[Data excerpts]
*** Begin section ***
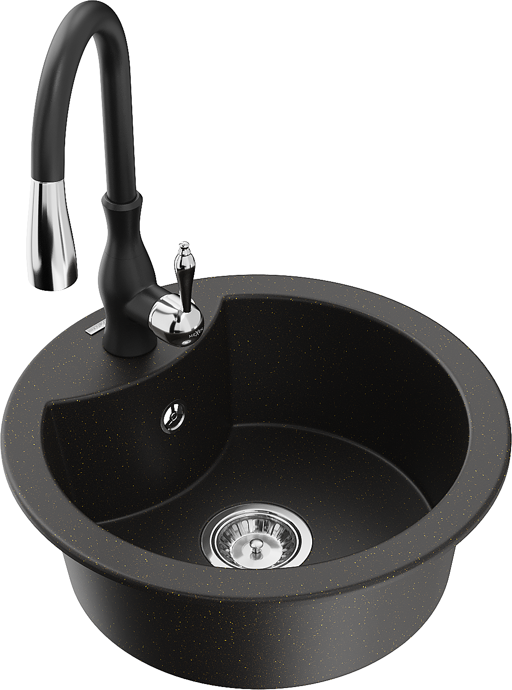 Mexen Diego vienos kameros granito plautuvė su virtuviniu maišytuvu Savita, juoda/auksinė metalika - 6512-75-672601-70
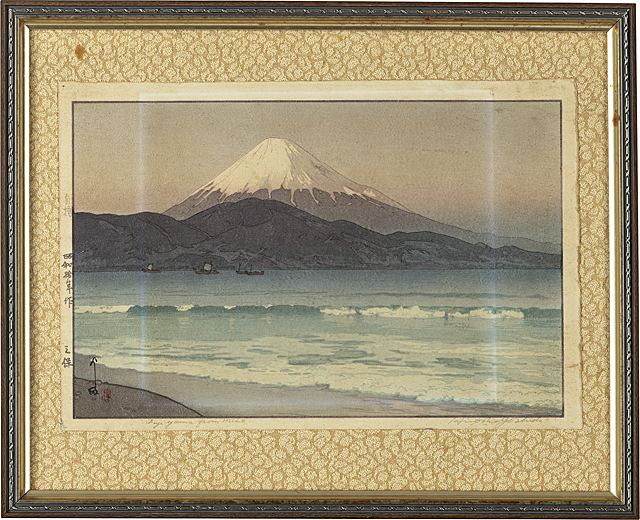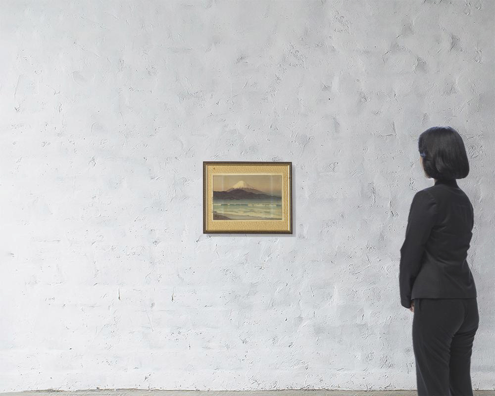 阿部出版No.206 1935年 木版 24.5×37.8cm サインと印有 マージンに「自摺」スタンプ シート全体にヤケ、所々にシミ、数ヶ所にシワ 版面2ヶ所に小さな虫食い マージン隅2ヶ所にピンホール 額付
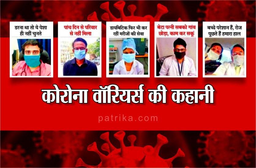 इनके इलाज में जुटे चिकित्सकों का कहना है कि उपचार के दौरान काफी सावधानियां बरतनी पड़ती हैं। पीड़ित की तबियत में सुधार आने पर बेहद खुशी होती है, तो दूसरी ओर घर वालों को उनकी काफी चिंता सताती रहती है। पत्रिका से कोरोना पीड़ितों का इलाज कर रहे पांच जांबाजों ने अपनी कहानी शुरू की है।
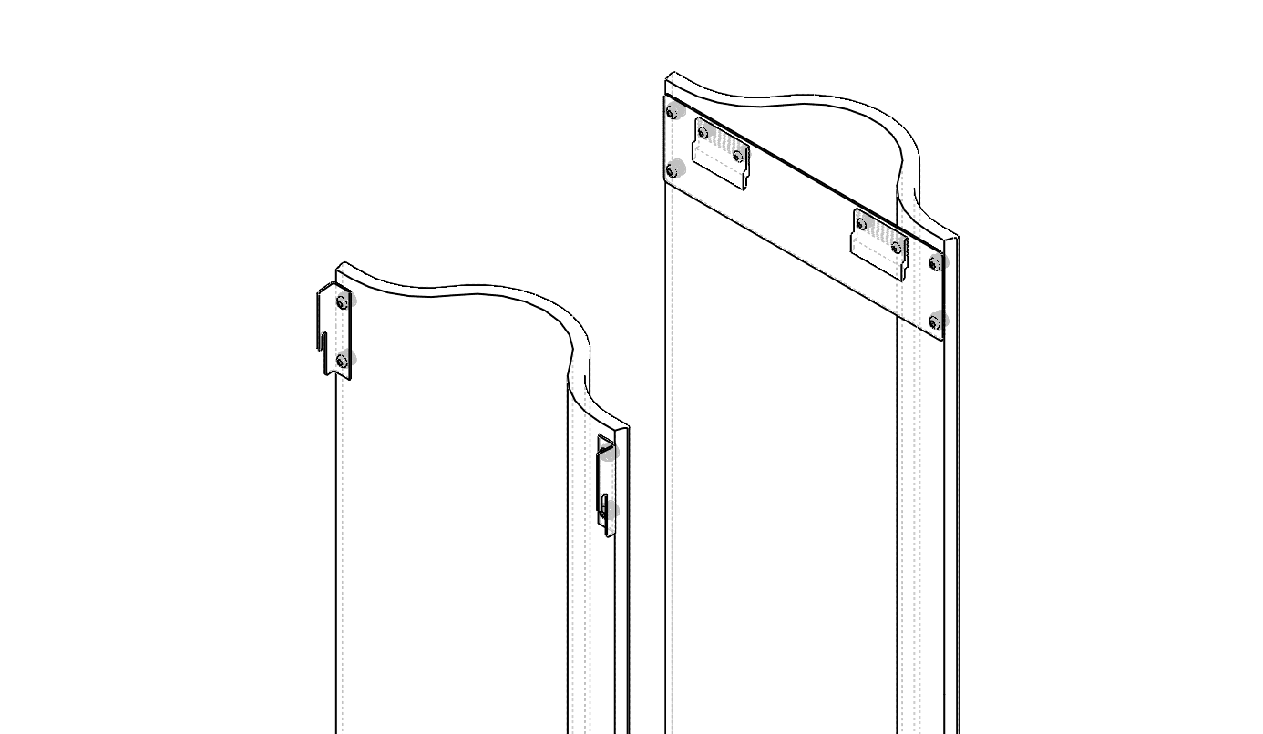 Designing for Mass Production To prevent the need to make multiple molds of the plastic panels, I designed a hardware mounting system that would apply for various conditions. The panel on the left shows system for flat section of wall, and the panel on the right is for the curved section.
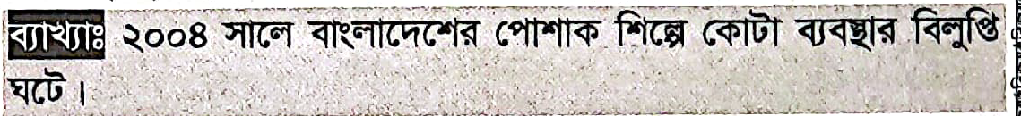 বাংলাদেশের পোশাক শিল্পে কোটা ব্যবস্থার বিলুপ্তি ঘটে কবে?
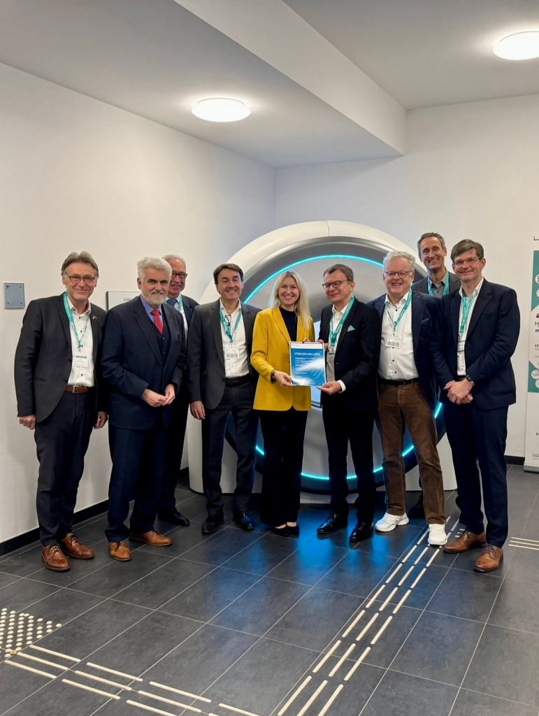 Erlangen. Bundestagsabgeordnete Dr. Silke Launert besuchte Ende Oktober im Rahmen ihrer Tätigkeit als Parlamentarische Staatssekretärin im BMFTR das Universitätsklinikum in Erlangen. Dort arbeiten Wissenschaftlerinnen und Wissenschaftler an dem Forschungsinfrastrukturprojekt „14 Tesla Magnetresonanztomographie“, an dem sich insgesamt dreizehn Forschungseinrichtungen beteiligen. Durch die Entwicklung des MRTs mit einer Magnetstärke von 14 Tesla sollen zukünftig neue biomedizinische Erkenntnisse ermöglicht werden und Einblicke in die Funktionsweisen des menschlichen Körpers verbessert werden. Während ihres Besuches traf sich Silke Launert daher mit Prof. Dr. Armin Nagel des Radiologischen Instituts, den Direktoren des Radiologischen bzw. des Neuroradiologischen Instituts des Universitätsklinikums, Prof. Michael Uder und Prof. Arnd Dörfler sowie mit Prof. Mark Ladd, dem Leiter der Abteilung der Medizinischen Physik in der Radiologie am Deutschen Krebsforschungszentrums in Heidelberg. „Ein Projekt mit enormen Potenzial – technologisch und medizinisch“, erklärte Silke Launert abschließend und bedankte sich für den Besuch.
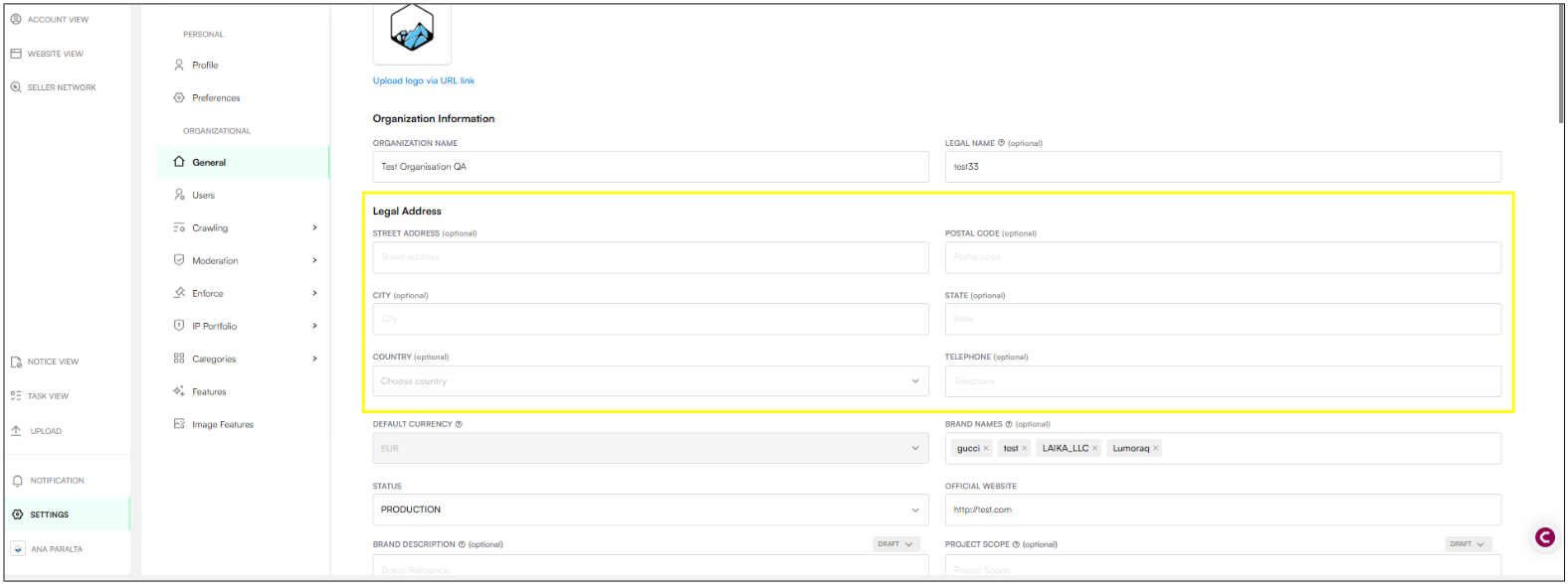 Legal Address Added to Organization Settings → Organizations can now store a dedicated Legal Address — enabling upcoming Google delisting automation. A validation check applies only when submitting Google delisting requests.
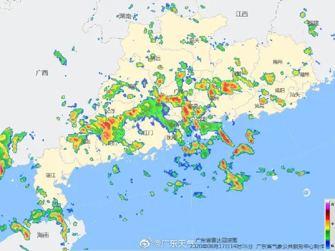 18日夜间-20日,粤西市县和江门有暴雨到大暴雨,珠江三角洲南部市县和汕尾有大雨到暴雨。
*** End section ***
Leave out every picture and copy verbatim the lines running from the line containing "Legal Address Added" through the final line of the data.

 Legal Address Added to Organization Settings → Organizations can now store a dedicated Legal Address — enabling upcoming Google delisting automation. A validation check applies only when submitting Google delisting requests.
 18日夜间-20日,粤西市县和江门有暴雨到大暴雨,珠江三角洲南部市县和汕尾有大雨到暴雨。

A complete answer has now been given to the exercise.